Network providers can fight these higher programming costs by acquiring content themselves or by getting bigger in hopes of striking better deals. The latter is part of the logic behind deals struck by AT&T, with its acquisition of DirecTV for $49 billion last year, and Charter Communications, which had its $55 billion bid to buy Time Warner Cable -- and its $10.4 billion deal for Bright House Networks -- approved by regulators this week. “Historically those programming fees have increased in the high single digits each year like clockwork, which wasn’t such a problem when pay TV adds were growing, but that isn’t the case any more,” ITG's Barrett said.

Subsequently, consolidation will likely lead to more showdowns between pay-TV providers and programmers such as the recent one between Dish Network and Viacom, settled two weeks ago. “We are living in a shrinking pay TV environment (and) that is why I think you are seeing things like the Dish-Viacom carriage deal being done last minute after several extensions," Barrett said. "I think you will see and increased brinksmanship between the programmers and the (pay-TV providers) over the next several years as pay TV operators push back.”

Verizon and other companies see “the writing on the wall in terms of the way that the communications market is moving," Werbach said, "and (are) looking for a way to leverage of the pure carriage business into these content businesses,” Werbach said.

COMCAST LEADS WAVE

Some recent deals underscoring the trend:

*Verizon. In 2015, Verizon paid about $4.4 billion to buy AOL, instantly heightening its mobile advertising technology and adding Huffington Post, TechCrunch and other content sites.

*AT&T. In 2014, AT&T formed a joint venture with the Chernin Group, founded by former News Corp president Peter Chernin, to acquire and invest in streaming video media. The joint venture, named Otter Media, promised to invest more than $500 million in funding and eventually bought a majority stake in Fullscreen, a YouTube network operator. Fullscreen launched as a streaming subscription service last week.

*Comcast. The Philadelphia-based cable giant has been in the content business for years now, with its NBCUniversal unit operating film, TV and cable network operations. While its interest in broadening the cable business garnered more attention – it unsuccessfully tried to buy Time Warner Cable last year – Comcast has been gradually adding to its content portfolio.

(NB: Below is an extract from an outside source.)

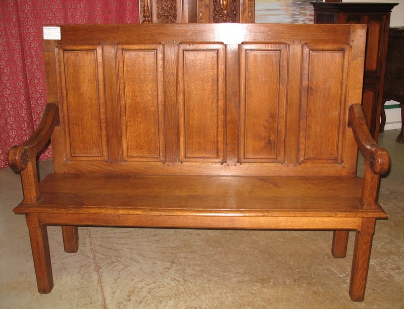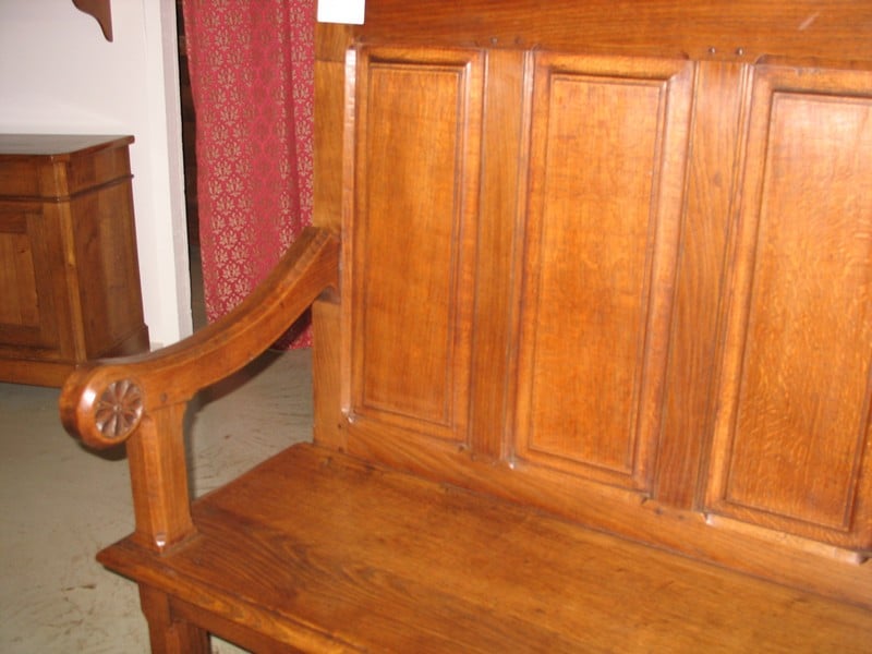 Banc à haut dossier à 5 panneaux et 2 accoudoirs, en chêne.

Last year, NBCUniversal invested $200 million in Vox Media, which owns sports blog network SB Nation, tech news sites Re/code and The Verge and other sites. The acquisition valued Vox at about $850 million, according to Re/code. “The company that’s furthest down the (content) line is Comcast,” Entner says. “They have their own channels. They’ve been able to capture more revenue and profit that way.”

Comcast’s $3 billion addition last week of DreamWorks Animation to its NBCUniversal division is also a classic example of what a cable company can do with these properties, analysts say. Not only does it gain that studio's rich animation catalog -- the ShrekKung Fu PandaMadagascar films -- but also hopes to bring those characters to life "within the Universal Theme parks,” ITG's Barrett said.